- [Exercise description]:
In the records below, repeat exactly the lines between the line holding "Dimensiuni: tabla de" and the line holding "管理员可以设置账号锁定时长、", inclusive, and drop the pictures.

- [Data extracts]:
================

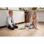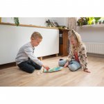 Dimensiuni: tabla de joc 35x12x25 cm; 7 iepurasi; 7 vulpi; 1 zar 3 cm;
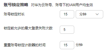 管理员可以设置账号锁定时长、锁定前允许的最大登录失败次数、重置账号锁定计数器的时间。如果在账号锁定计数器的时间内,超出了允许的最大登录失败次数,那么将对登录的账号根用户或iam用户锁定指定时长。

================

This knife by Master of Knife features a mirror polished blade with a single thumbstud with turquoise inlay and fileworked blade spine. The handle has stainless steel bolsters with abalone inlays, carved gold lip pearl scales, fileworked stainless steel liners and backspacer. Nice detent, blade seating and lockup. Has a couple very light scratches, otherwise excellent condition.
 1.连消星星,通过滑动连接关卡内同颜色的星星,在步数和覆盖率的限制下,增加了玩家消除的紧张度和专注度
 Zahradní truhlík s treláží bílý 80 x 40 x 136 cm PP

================

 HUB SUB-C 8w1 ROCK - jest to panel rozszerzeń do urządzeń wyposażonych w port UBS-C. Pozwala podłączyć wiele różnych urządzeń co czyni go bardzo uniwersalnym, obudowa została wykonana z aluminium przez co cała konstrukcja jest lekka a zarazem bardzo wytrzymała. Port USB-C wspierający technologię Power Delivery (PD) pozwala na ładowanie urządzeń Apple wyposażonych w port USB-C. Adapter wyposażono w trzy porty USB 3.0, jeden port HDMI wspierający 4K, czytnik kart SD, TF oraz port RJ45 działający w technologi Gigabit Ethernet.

================

- [Solution to the exercise]:
 Dimensiuni: tabla de joc 35x12x25 cm; 7 iepurasi; 7 vulpi; 1 zar 3 cm;
 管理员可以设置账号锁定时长、锁定前允许的最大登录失败次数、重置账号锁定计数器的时间。如果在账号锁定计数器的时间内,超出了允许的最大登录失败次数,那么将对登录的账号根用户或iam用户锁定指定时长。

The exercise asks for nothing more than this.